* Exercise objective *
Go through the records and report each line holding the string "Εικόνα".

+++ Supplied material +++

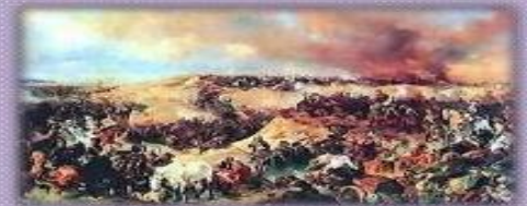
Grave crisis de la economía inglesa ocasionada por su intervención en la guerra de los 7 años.
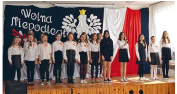
PIEŚNI DLA NIEPODLEGŁEJ
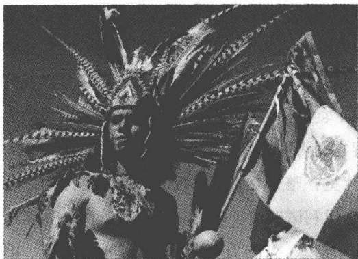
北美原土著印第安人
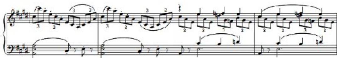
Figura 57. Schubert: Sonata D. 960, 1 o mov: Desarrollo (cs. 131-134)
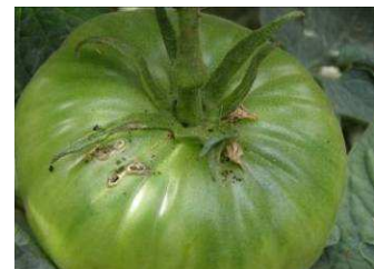
Daños de Tuta absoluta en hojas y frutos
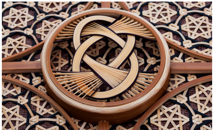
淡路收藏盒（局部）：駿河竹千筋細工 Suruga Takesensuzi Saigu
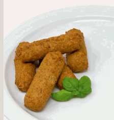
Vegetarische Röllchen gefüllt mit Frischkäse
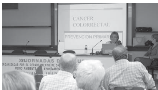
Osasun jardunaldietan gai ezberdinak jorratzen dira, iaz esate baterako kolon minbizia.
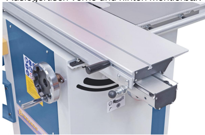
Der verwindungsfreie Formatschiebeschlitten gewährleistet durch die leichtgängige Führung ein präzises Arbeiten.
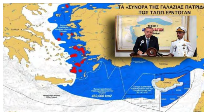
Εικόνα 5. Θεωρία Γαλάζιας Πατρίδας

Η άνοδος του Ερντογάν μετασχημάτισε τα σχέδια (όχι τις διεκδικήσεις) της Τουρκίας σε βάρος της Ελλάδας, με μία νέα καινοφανή θεωρία για την Γαλάζια Πατρίδα, που ανακεφαλαίωσε τις τουρκικές επιδιώξεις (νησιά, ΑΟΖ, Κύπρος... βλ. χάρτη στην Εικόνα 5).
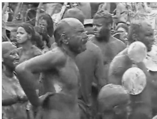
Figura 6 – Foliões do Bloco do Cão durante o Carnaval
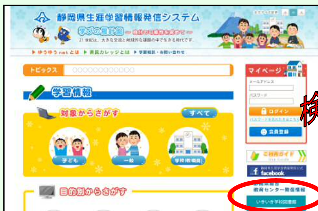
【静岡県生涯学習情報発信システム】
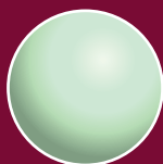
Kugeln Karotten, Süsskartoffeln, Kartoffeln, Melonen, Randen Chioggia, Zucchetti, Birnen
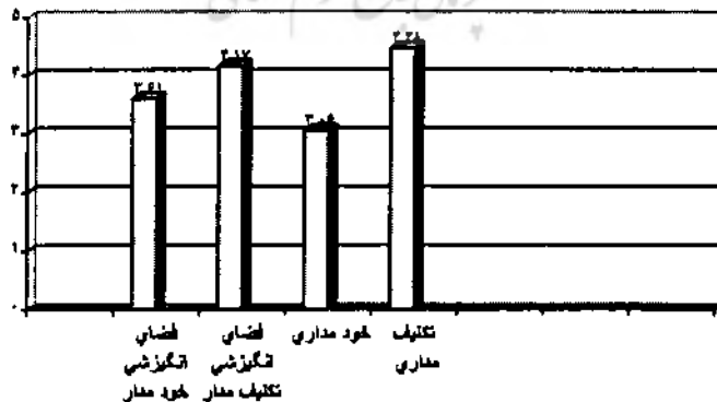
نمودار ۲ - مقایسه میانگین های جهت گیری هدفی و فضای ادراک شده انگیزشی ادراک شده
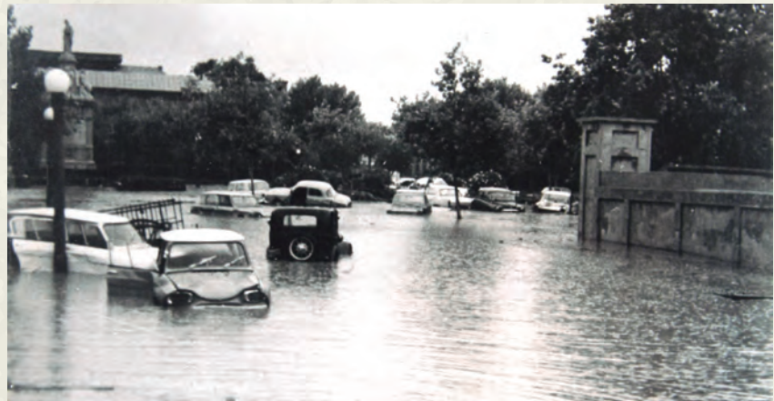
La plaça de l'Estació de Vilanova, aquell 12 d'agost de 1964 (Arxiu Comarcal del Garraf Fons Fotogràfic Municipal de Vilanova).

pagesos, esmaperduts, desapareixen, la indústria dorm encara, es perd aquella rancior característica, aquell tipisme llegendari, es malmeten records fins avui conservats. El pic i la paleta han substituït la rella i l'aixada". Tanmateix, en el seu escrit de doble sentit, deixava una esclatxa a l'esperança: "Tant se val, no tingueu quimera, Cubelles, amb tota aquesta transformació, precipitada, resistirà aquest shock aparent, aguantarà escomesa. Com una i altra volta sabrà fer front a qualsevol mal averany".
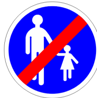
Fin de chemin obligatoire pour piétons
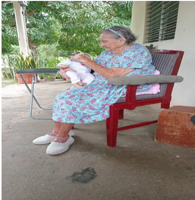
La reina de El Carate y su muñeca
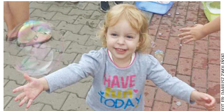
Nowy żłobek pomieści ponad 100 dzieci

Nowa inwestycja powstanie dzięki uzyskanym przez urząd gminy funduszom zewnętrznym w wysokości około 12 milionów złotych ze środków unij-
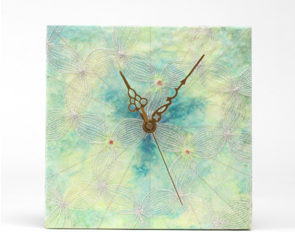
時計 5,400 円 デザイン：女子美術大学 松本 英理
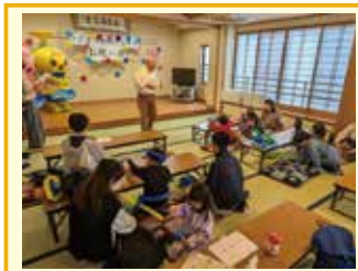
～お祝い会スタート～ 町内会役員のみなさんがお出迎え

▼▼▼▼▼ 今回は、11月23日に大場町内会が行った「お祝い会」の様子をご紹介します。 ▼▼▼▼▼
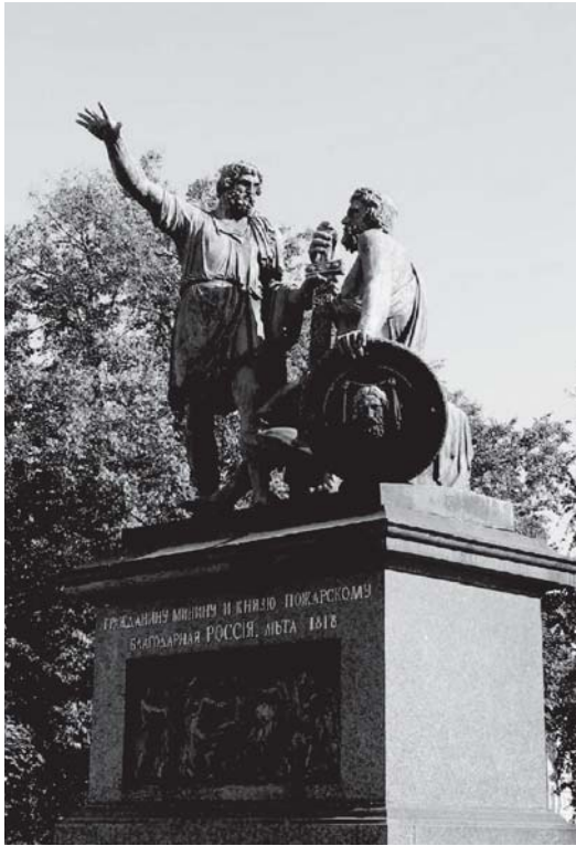
Памятник Минину и Пожарскому в Москве.

Молодежь воспринимает 4 ноября, как день отдыха. «Мы еще не прониклись духом единства. Вот гулять в этот
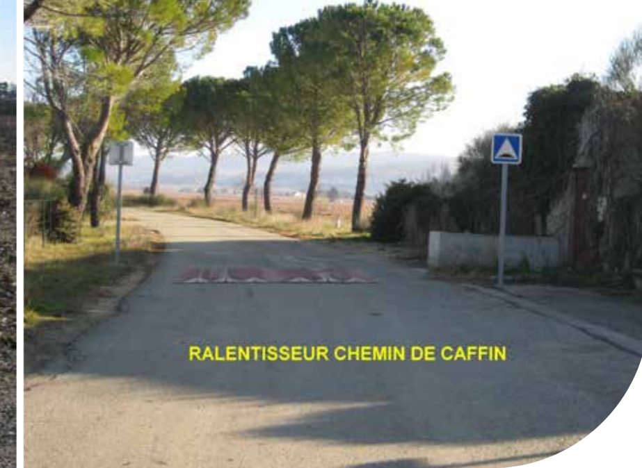
RALENTISSEUR CHEMIN DE CAFFIN
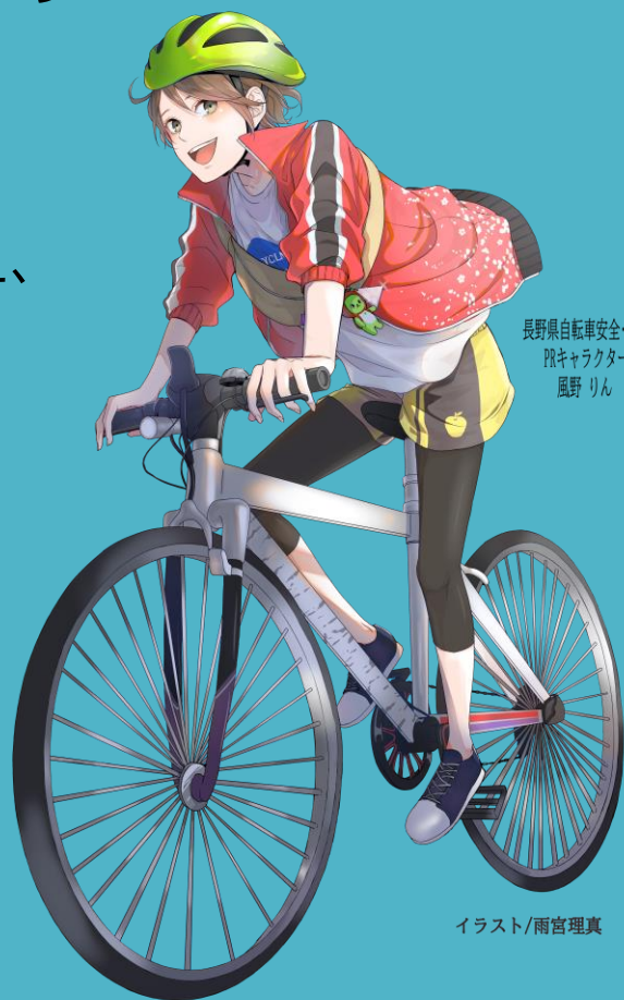
長野県自転車安全・安心 PRキャラクター 風野 りん
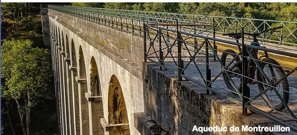
Aqueduc de Montreuillon

+++

* Expected output *
Εικόνα 5. Θεωρία Γαλάζιας Πατρίδας
Η άνοδος του Ερντογάν μετασχημάτισε τα σχέδια (όχι τις διεκδικήσεις) της Τουρκίας σε βάρος της Ελλάδας, με μία νέα καινοφανή θεωρία για την Γαλάζια Πατρίδα, που ανακεφαλαίωσε τις τουρκικές επιδιώξεις (νησιά, ΑΟΖ, Κύπρος... βλ. χάρτη στην Εικόνα 5).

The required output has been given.